Même Mme Barra a admis dans une interview avec le Detroit Free Press que malgré quelques manifestations théâtrales prévisibles au cours des négociations – et son refus signalé de sceller l’accord avec la traditionnelle poignée de main de clôture – le président de l’UAW, Shawn Fain, « a été élu avec une mission, et il est resté fidèle ». à cette mission.

Bien qu’il ait ouvertement critiqué le projet de 29 millions de dollars de Mme Barra En fin de compte, M. Fain s’est montré tout aussi élogieux envers son rival à la table des négociations. « J’ai beaucoup de respect pour elle », a-t-il déclaré, ajoutant : « nous avons des objectifs différents quant à qui nous représentons ».

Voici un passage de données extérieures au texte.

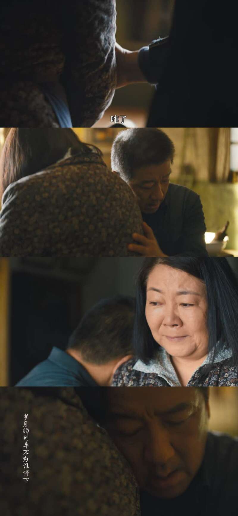 周父抓住她的手臂,轻声问,“咋了”。他绊住她的手臂,轻拍她的背部,头紧紧靠着她。周母的泪水决堤。这时BGM响起“世间的苦啊,爱要离散雨要下”,令人动容。

Reste à savoir si des sentiments d’admiration mutuelle aussi chaleureux et flous entre l’équivalent corporatif des Hatfield et des McCoy survivront à une période économique difficile. Ce qui est certain, c’est que tout ce qui est mandaté ou réglementé – ou négocié – pour créer une base financière artificielle finira par être victime des forces réelles du marché libre.

Dans le cas d’UPS et des grands constructeurs automobiles, les conséquences des riches accords obtenus par les syndicats seront directement liées à la capacité des entreprises à survivre.

Alors que l’économie américaine reste aux prises avec des taux d’intérêt et des prix à la consommation élevés – et avec l’incertitude d’une élection présidentielle très controversée en novembre – de plus en plus d’entreprises seront contraintes de suivre l’exemple d’UPS et d’imposer des coupes budgétaires pour contrer les coûts de main-d’œuvre élevés exacerbés par des contrats syndicaux extravagants.

En attendant, les camionneurs syndiqués d’UPS devraient profiter de leur moment au soleil. Ils connaissent la réponse à la question : « Que peut faire Brown pour vous aujourd’hui ? » C’est 170 000 dollars par an, merci beaucoup.